Should you need the entire output of the check_blas.py test, please let me know!

Any ideas on what is happening?

PS.: Should I use pymc >= 5.0.0 or … ?

-----------------------EDIT------------------------
The vectorized function now takes the same time as the other one. Something happend and its fixed. My only remaining question now is how to split the data in different sizes? I can only run the model if I have both X_test and X_train with the same number of samples. As I showed above, if I split it in different sizes I get an error when sampling [obs].

Thanks a lot for all the help!

This is good in a way, it means X is updating now. You just need to also update y to be a vector of the same shape as X, or else PyMC gripes that the shapes don’t match up on the computational graph. y isn’t actually used for anything when you run pm.sample_posterior_predictive, so you can just fill it with zeros if you like.

Add a 2nd pm.MutableData object to your model for the observed data, then update this with pm.set_data as well and you should be good to go.

No reason not to, they work hard on those updates!

Glad to hear it’s suddenly working. For the BLAS test, you want(ed) to check 2 things. First, you get a table of CPU benchmarks, look for one closest to yours and compare the timing. Second, there’s a line blas__ldflags, you want to make sure that there’s a -lmkl_rt flag there. That indicates you have MKL installed – not having this is a common source of slowdown (you might also get a warning about using numpy BLAS something when you import pymc if you have this problem).

1 Like

:sob: :sob: :sob: :sob: :sob: :sob: :sob: :sob:

First of all, thanks for the tip on how to have different sizes of train/test data — that works.

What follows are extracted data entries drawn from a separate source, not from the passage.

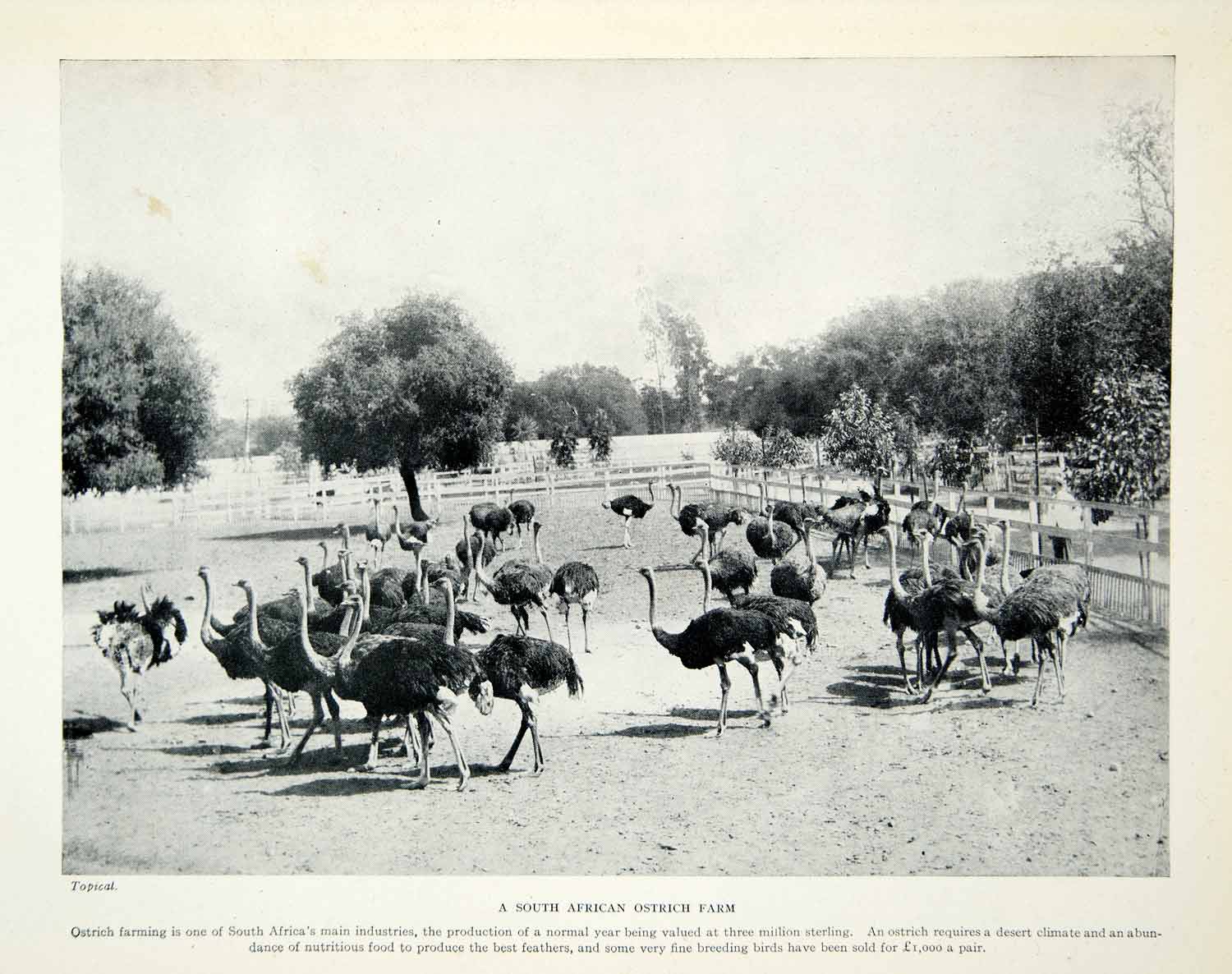This is an original 1925 black and white halftone print of an ostrich farm in South Africa.
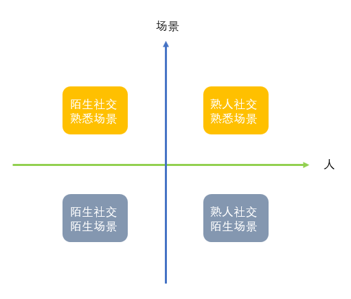另外,元宇宙社交相较于常规线上社交,会多出一个场景维度。如果以下图划分,目前元宇宙社交平台多处于第三象限,即陌生社交,并且里面大部分也是初次踏足的陌生场景,这就导致元宇宙社交会给人一种冰冷以及疏离感。
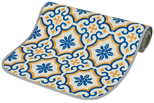 インテリアファクトリーの拭けるキッチンマット、モロッコタイルデザイン。サイズは40×240cm、滑り止め付き。汚れても簡単に拭き取れ、キッチンをスタイリッシュに演出します。
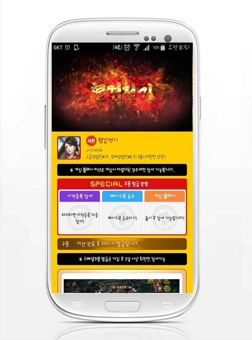 [아시아경제 온라인이슈팀] 국내 모바일 게임 시장에 95% 이상의 점유율을 보이고 있는 모바일 게임 커뮤니티 헝그리앱이 출시한 사전예약 1위 어플리케이션 ‘모비’가 유저들이 게임을 더욱 유쾌하게 즐길 수 있도록 파격적 혜택을 무료로 제공하는 스페셜 사전예약 쿠폰을 추가했다.이번에 추가한 스페셜 사전예약 쿠폰은 신작 모바일 정통 무협 MMORPG 쿠폰으로 등록하면 고급 경험단 10개, 5배 경험단 5개 외 3종으로 구성된 10만 원 상당의 파격적 혜택을 지급한다.'혈검전기'는 중국 인기 소설 '촉산협검전'을 바탕으로 '천사', '아미', '무당', '곤륜' 이상 네 개의 문파 중 하나의 캐릭터를 선택해 무림의 고수로 육성하는 정통 무협 MMORPG다. 편리한 이동과 간단한 스킬 조작만으로 실시간 전투를 즐길 수 있으며, 다른 유저들과 대결을 펼치는 '경기장', 수많은 악귀 몬스터를 시간 내에 물리치는 '만절환경', 파티원들과 함께 보스 몬스터를 사냥하는 ‘유도역절’ 등, 풍부한 대전 콘텐츠를 제공한다. 여기에 언제든지 경험치와 보상을 획득할 수 있는 스토리가 풍부한 퀘스트로 쉴 틈 없는 재미를 부가한다. 특히, 게임 내에서 이성과 함께 전투 및 수련을 할 수 있는 '결혼 시스템’과 신비로운 모습의 탑승 '팻 시스템'은 유저들의 이목을 사로잡기에 충분하다.2016년 3월 중순 정식 출시 예정인 '혈검전기'는 풍부한 콘텐츠와 화려한 스킬 그래픽, 간단한 조작법 등으로 정통 무협 MMORPG에 목마른 유저들에게 큰 기대를 모으고 있다.‘모비’는 사전예약 기능뿐 아니라 일반 게임쿠폰 및 유저가 미션을 수행해야 발급되는 스페셜 게임쿠폰, 유저간의 쿠폰 나눔, KT 고주파 솔루션을 활용한 모바일 광고 등 다양한 기능을 한자리에 구현하였다. 스페셜 쿠폰 서비스 론칭을 기념해 게임 업체에서 2천만 원 상당의 사전예약 마케팅을 무료로 진행할 수 있도록 한시적으로 프로모션을 진행 중이다.온라인이슈팀 issue@asiae.co.kr<ⓒ세계를 보는 창 경제를 보는 눈, 아시아경제(www.asiae.co.kr) 무단전재 배포금지>
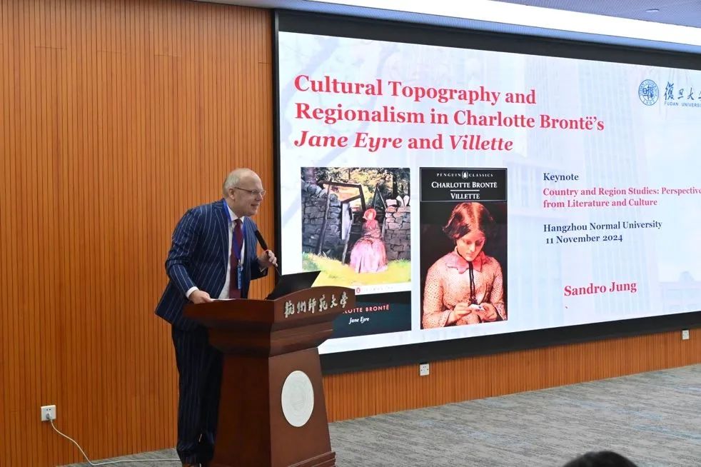 复旦大学Sandro Jung教授以 “Nation and Region in Charlotte Brontë’s Jane Eyre (1847) and Villette (1853)”为题作主旨发言,从文化拓扑的视角深入分析了勃朗特两部小说《简·爱》与《维莱特》,并重点阐释了两部作品中区域与国家认同的复杂交织。
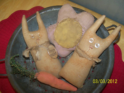 Title (ebay affiliate link): PRiMiTiVe EaStEr 2 BuNNy RaBBiTs w/ FlOwEr and CaRRoT
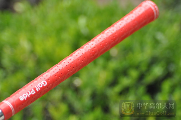 杆身安装的GS85,比较轻的钢杆身,7铁的挥重是D1.5,总重为410.99,挥起来非常轻松,加上它相对比较强势的角度,距离完全不是问题。握把刚好还安了我喜欢的Golf Pride Tour Wrap缠绕式红色握把。这款握把手感柔和非常舒服,但有水的时候会稍滑,在天气正常的情况下手很容易放松,效果非常好。
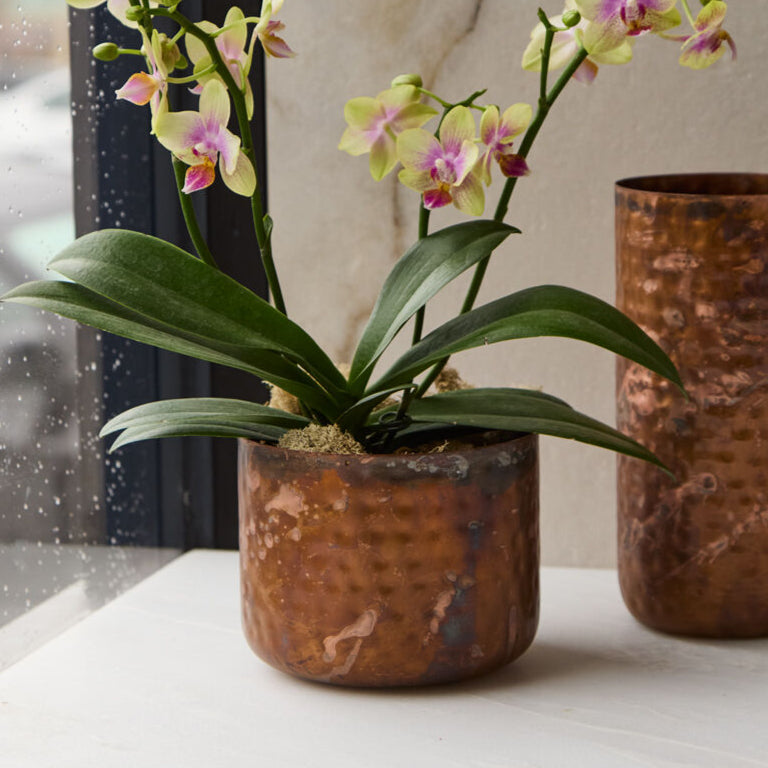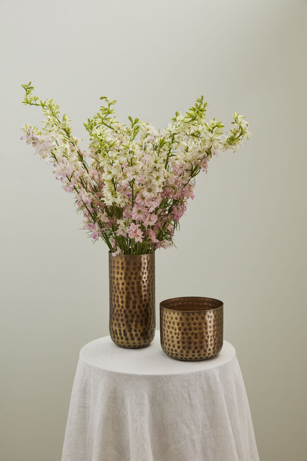 Bring old-world charm & a refined sensibility to floral design & weddings or events with the Alchemy Pot, perfect for a low arrangement or small plant. Featuring a simple silhouette, antiqued gold finish, & a dimpled design with subtle texture, this lightweight metal bowl elevates everyday decor & offers a sleek, understated look to formal events.

However, I am crying because the vector-form thing didn’t actually work… I believe that before it seemed to have worked because I reduced the size of X_train so much that doing by_hand or X @ beta would have around the same speed.

Now, again, its taking around 120 sec for the by_hand approach while it takes ~18min for the X @ beta. Maybe is because of the BLAS thing; please see below my remarks.

According to the benchmark given by check_blas.py for openblas/8 on a i7 950 it took 3.70s for “10 executions of gemm in float64 with matrices of shape 2000x2000”; while mine took around 10s for 10 executions of gemm with matrices of shape 5000x5000. So it seems to me that the timing is OK(?) Given that i7 950 is a bit worse than my AMD Ryzen 7 5800H and the matrices I tested were 2.5x bigger.

I do not have this flag, the only flag I have is -lblas. Should I install MKL? (even though my CPU is AMD?) Or should I install AML?

-------------------------------EDIT-------------------------------
I have upgraded my pymc to pymc>=5.0.0 and installed MKL. It looks like the vector form now is working properly but I’ll test it a few more times before I say for sure. It is worth mentioning that now doing the BLAS tests with both aesara and pytensor still doesn’t show the -lmkl_rt flag; and both tests take the same ~10 sec.

But now I get a lot of different warnings when importing and using pymc. Nonethless, I believe the main question of this thread have been answered and I’ll create a new thread with my other questions regarding MKL/BLAS and all these warnings.

Thanks once again for your very helpful assistance.

Definitely make a new thread. I’m out of my depth on AMD vs Intel stuff, but a quick search turned up a discussion that intel purposely cripples AMD chips when using MKL, so you might not want to use it at all. OTOH I have no idea. I hope someone more knowledgeable can chime in.